- Court: High Court of New Zealand
- Full case name: Simanke v Liu
- Citation: (1994) 2 NZ ConvC 191,888

Court membership
- Judge sitting: Henry J

= Simanke v Liu =

High Court case regarding New Zealand contract law

Simanke v Liu (1994) 2 NZ ConvC 191,888 is a cited case in New Zealand regarding cancellation of a contract under the Contractual Remedies Act. It held that any deposit in excess of a customary deposit, in this case 10%, is refundable to the purchaser.

==Background==
Simanke agreed to sell a property to Liu for $650,000, with the sales agreement stating that a deposit of $300,000 was to be paid within 14 days.

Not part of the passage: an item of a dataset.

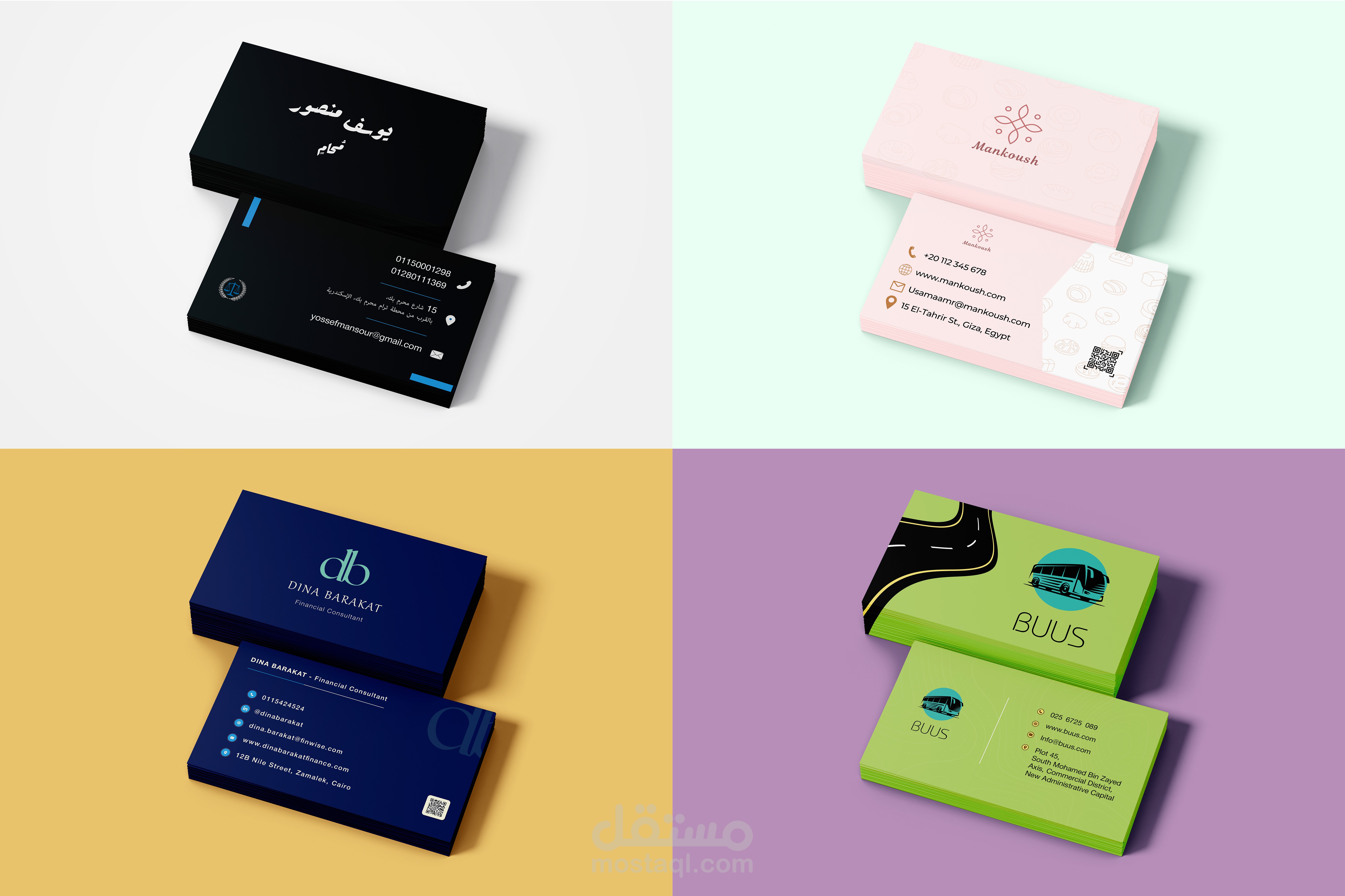 قمت بتصميم مجموعة من كروت الأعمال والكروت الشخصية لعملاء من مجالات مختلفة، مع التركيز على إبراز هوية كل علامة تجارية بشكل مميز واحترافي.

The contract was later cancelled, and Siminake sued for the $300,000 deposit. Liu defended the claim by saying as under the Contractual Remedies Act 1979, once a contract is cancelled, no party is obliged to perform any further on a contract. Simanke argued that the Act still requires the deposit to be paid.

==Held==
The court ruled that in New Zealand, the customary deposit is 10%, meaning in this case, $300,000 was not in the nature of a deposit, and so was not enforceable here. Furthermore, Simanke's claim was not helped either by the fact that the sales agreement had limited the forfeiture of deposit to be only 10%, anyway. Simanke's claim was dismissed.